AS THE CREDIT CRISIS grinds on, the outlook is getting increasingly grim for many of the small biotechnology companies that have products feeding into the drug industry's pipeline.

Since October, biotech firms have been resorting to job cuts, reverse mergers, and other creative deal-making to fund their R&D efforts. Last week brought fresh examples of the challenging climate: San Diego-based Vical said it would slash 20% of its staff and close a research facility; CombinatoRx, in Cambridge, Mass., made its second staff cutback in a month; and Montvale, N.J.-based Memory Pharmaceuticals, which has drugs in Phase I and II studies, agreed to be taken over by Roche for $50 million.

The picture could get even bleaker in 2009. According to the Biotechnology Industry Organization, a trade association, 99 public companies have less than six months of cash on hand, and more than a third of "microcap" biotechs—those with a market capitalization of less than $1 million—barely have enough money to make it through the next year.

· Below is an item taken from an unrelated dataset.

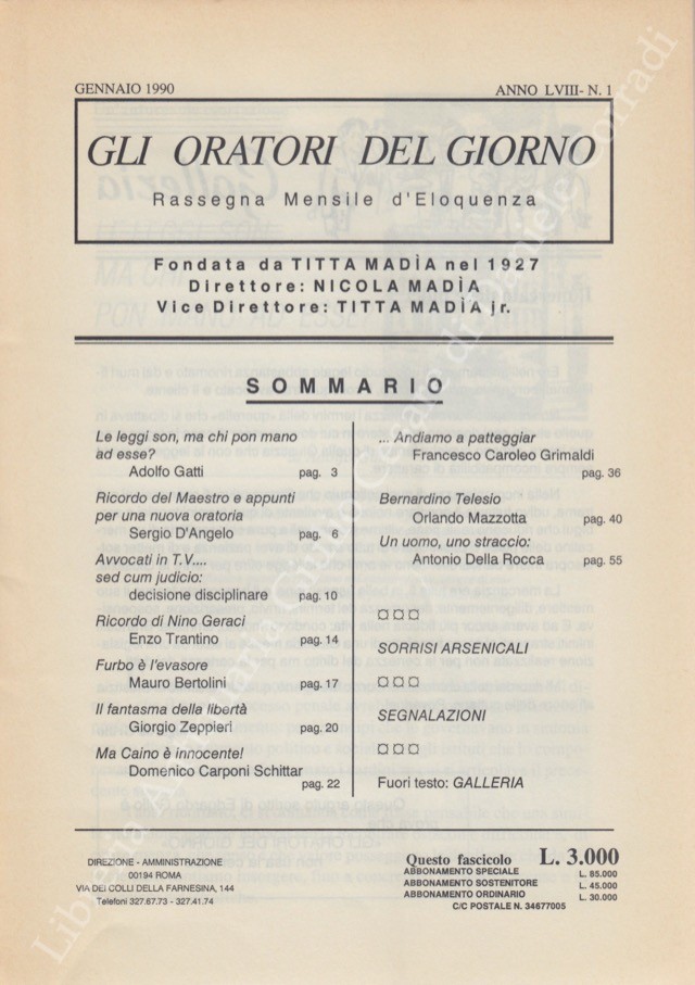 Gli oratori del giorno. Rassegna mensile d'eloquenza. Anno LVIII - Numero 1. Gennaio 1990

It is not unusual for small biotechs to have limited cash at the ready, but they traditionally have had a fairly easy time raising that next round of financing. "The real problem is the massive compression of value," says G. Steven Burrill, CEO of the life sciences investment firm Burrill & Co. Biotech stock prices have plummeted across the board, crimping the ability of firms to raise money from investors or through additional stock offerings.

Moreover, investment banks with expertise in crafting deals that let companies survive have their own problems and thus "zero interest and zero capability" to help the biotech sector, Burrill says. Finance companies with money to invest, such as hedge funds, aren't looking to add small struggling firms to their portfolios.

Big pharma needs a healthy biotech industry to fill holes in its R&D effort, and the credit crunch "will slow up the development of the pipeline," Burrill says. On the plus side, he adds, small companies with promising products—such as Memory Pharmaceuticals—can be bought on the cheap.